↓↓↓

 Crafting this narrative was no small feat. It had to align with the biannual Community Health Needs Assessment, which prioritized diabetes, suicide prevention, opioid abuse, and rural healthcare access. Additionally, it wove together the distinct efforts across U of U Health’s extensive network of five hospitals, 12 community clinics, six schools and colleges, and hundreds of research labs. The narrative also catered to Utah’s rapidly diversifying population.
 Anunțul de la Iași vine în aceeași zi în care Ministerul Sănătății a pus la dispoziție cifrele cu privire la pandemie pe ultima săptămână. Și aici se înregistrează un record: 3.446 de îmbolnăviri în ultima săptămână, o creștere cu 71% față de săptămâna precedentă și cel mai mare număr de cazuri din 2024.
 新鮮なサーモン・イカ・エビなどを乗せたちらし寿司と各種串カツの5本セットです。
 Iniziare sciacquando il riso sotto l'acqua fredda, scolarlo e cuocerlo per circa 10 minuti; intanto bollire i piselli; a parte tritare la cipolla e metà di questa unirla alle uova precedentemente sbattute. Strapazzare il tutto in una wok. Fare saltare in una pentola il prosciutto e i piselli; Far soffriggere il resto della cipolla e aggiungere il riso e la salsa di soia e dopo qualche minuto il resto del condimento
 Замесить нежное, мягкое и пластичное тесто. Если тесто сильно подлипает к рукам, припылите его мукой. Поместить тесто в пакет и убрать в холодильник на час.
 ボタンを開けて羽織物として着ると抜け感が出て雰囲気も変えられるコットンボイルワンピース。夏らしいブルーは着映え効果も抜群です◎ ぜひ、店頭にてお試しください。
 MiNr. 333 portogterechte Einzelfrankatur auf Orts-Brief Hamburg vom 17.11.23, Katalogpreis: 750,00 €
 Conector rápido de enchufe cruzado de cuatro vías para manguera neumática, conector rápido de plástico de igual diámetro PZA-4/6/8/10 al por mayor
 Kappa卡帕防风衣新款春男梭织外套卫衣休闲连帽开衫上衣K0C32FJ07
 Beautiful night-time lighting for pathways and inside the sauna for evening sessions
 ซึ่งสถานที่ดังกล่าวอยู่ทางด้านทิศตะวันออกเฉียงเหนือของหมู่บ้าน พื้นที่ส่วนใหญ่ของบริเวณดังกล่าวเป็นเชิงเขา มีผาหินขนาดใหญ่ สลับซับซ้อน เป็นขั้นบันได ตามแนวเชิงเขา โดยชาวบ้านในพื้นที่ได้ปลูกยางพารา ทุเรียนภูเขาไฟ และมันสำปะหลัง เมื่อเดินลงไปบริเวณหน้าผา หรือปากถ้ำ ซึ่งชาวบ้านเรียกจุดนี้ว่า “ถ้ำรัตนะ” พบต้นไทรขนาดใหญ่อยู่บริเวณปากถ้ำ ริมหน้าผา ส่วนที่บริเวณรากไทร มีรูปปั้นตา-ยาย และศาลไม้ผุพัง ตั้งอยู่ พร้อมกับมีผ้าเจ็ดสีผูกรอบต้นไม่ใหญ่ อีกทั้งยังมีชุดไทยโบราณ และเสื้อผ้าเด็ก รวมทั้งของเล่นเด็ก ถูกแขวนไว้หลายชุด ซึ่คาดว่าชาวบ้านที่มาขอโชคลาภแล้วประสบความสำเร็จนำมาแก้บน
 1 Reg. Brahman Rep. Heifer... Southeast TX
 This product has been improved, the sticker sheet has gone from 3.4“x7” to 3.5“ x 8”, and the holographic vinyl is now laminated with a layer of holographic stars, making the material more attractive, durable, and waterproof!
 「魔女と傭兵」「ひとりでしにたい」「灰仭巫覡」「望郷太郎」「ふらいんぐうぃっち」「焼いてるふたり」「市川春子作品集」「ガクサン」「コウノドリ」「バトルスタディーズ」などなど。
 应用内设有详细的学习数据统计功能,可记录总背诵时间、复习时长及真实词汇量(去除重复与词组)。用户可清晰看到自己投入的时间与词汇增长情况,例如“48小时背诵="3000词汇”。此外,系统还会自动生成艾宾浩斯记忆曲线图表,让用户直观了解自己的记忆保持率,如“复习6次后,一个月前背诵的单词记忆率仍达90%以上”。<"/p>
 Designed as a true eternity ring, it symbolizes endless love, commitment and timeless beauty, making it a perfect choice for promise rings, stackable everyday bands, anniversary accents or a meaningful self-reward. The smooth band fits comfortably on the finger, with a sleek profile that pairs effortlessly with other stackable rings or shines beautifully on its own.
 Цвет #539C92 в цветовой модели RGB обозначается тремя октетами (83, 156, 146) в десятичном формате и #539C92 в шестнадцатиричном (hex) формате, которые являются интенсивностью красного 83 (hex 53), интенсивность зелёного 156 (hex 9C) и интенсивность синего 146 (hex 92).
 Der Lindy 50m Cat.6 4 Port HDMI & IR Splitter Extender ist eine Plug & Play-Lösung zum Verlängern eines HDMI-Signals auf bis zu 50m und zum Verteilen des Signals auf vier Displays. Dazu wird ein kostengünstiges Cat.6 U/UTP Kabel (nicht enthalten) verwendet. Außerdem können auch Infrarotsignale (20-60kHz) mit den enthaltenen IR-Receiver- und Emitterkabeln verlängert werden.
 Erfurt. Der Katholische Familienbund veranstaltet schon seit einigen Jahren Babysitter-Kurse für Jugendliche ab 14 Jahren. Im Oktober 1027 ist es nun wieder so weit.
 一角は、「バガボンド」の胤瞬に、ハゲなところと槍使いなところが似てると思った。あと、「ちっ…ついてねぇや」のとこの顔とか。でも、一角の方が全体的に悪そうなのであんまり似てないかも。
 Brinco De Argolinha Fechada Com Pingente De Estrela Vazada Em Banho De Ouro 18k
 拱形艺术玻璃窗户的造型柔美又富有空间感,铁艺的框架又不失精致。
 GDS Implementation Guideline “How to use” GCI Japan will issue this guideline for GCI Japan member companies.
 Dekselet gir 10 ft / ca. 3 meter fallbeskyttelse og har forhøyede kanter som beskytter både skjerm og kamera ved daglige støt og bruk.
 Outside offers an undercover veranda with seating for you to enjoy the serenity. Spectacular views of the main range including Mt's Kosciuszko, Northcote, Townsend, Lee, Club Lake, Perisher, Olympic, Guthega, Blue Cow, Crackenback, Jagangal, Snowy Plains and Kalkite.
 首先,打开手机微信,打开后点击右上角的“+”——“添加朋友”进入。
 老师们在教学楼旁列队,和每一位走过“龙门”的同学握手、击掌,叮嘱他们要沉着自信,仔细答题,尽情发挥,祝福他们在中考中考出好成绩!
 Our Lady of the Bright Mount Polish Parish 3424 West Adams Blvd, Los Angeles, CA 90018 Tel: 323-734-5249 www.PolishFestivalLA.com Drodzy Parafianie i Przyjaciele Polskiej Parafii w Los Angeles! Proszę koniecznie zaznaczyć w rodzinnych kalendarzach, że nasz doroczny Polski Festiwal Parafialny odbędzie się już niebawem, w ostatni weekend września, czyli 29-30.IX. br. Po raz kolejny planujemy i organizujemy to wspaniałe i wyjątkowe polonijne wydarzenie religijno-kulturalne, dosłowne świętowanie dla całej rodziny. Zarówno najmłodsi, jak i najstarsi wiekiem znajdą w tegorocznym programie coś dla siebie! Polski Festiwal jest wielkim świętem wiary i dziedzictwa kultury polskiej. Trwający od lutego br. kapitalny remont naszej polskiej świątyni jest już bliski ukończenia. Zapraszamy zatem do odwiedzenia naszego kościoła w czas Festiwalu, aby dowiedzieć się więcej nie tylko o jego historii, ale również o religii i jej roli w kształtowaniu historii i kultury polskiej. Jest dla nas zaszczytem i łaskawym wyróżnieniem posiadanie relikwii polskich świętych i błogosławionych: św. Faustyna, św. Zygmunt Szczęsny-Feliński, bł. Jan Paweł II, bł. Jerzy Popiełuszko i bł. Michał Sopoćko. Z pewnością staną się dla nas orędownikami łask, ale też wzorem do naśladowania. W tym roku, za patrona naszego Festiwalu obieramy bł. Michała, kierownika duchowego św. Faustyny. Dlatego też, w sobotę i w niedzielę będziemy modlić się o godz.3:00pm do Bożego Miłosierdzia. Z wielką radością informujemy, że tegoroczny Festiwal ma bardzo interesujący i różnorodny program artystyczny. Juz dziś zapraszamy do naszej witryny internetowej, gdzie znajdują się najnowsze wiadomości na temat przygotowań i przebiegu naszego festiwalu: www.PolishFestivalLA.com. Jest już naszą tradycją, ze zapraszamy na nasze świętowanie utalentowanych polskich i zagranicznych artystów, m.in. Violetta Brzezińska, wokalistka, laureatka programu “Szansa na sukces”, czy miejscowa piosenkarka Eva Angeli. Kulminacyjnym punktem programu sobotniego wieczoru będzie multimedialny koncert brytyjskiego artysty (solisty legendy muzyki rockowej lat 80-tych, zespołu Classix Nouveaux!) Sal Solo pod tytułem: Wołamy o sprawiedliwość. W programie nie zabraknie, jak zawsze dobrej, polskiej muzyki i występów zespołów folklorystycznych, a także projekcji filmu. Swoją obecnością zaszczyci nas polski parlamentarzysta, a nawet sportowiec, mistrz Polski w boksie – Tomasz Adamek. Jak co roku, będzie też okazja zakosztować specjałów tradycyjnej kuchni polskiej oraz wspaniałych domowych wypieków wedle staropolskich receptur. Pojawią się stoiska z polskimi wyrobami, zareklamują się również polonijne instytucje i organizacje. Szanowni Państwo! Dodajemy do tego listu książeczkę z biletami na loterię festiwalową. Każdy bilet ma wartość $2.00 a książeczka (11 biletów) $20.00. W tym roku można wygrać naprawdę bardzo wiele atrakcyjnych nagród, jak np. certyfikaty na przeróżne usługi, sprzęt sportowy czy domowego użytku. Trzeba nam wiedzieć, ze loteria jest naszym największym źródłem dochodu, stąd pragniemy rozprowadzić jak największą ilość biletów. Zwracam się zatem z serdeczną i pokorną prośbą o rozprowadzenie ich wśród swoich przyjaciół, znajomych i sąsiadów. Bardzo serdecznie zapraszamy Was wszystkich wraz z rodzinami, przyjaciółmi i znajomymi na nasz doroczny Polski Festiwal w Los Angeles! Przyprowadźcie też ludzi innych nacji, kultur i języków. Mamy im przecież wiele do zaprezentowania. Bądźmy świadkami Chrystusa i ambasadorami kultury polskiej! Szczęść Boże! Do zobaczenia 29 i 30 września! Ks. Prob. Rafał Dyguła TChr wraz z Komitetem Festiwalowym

↑↑↑

→ **Work required**:
The entries above hold the needed span. Transcribe exactly the lines from the one with "Цвет #539C92 в" to the one with "老师们在教学楼旁列队,和每一", both included.

→ **Response below**:
 Цвет #539C92 в цветовой модели RGB обозначается тремя октетами (83, 156, 146) в десятичном формате и #539C92 в шестнадцатиричном (hex) формате, которые являются интенсивностью красного 83 (hex 53), интенсивность зелёного 156 (hex 9C) и интенсивность синего 146 (hex 92).
 Der Lindy 50m Cat.6 4 Port HDMI & IR Splitter Extender ist eine Plug & Play-Lösung zum Verlängern eines HDMI-Signals auf bis zu 50m und zum Verteilen des Signals auf vier Displays. Dazu wird ein kostengünstiges Cat.6 U/UTP Kabel (nicht enthalten) verwendet. Außerdem können auch Infrarotsignale (20-60kHz) mit den enthaltenen IR-Receiver- und Emitterkabeln verlängert werden.
 Erfurt. Der Katholische Familienbund veranstaltet schon seit einigen Jahren Babysitter-Kurse für Jugendliche ab 14 Jahren. Im Oktober 1027 ist es nun wieder so weit.
 一角は、「バガボンド」の胤瞬に、ハゲなところと槍使いなところが似てると思った。あと、「ちっ…ついてねぇや」のとこの顔とか。でも、一角の方が全体的に悪そうなのであんまり似てないかも。
 Brinco De Argolinha Fechada Com Pingente De Estrela Vazada Em Banho De Ouro 18k
 拱形艺术玻璃窗户的造型柔美又富有空间感,铁艺的框架又不失精致。
 GDS Implementation Guideline “How to use” GCI Japan will issue this guideline for GCI Japan member companies.
 Dekselet gir 10 ft / ca. 3 meter fallbeskyttelse og har forhøyede kanter som beskytter både skjerm og kamera ved daglige støt og bruk.
 Outside offers an undercover veranda with seating for you to enjoy the serenity. Spectacular views of the main range including Mt's Kosciuszko, Northcote, Townsend, Lee, Club Lake, Perisher, Olympic, Guthega, Blue Cow, Crackenback, Jagangal, Snowy Plains and Kalkite.
 首先,打开手机微信,打开后点击右上角的“+”——“添加朋友”进入。
 老师们在教学楼旁列队,和每一位走过“龙门”的同学握手、击掌,叮嘱他们要沉着自信,仔细答题,尽情发挥,祝福他们在中考中考出好成绩!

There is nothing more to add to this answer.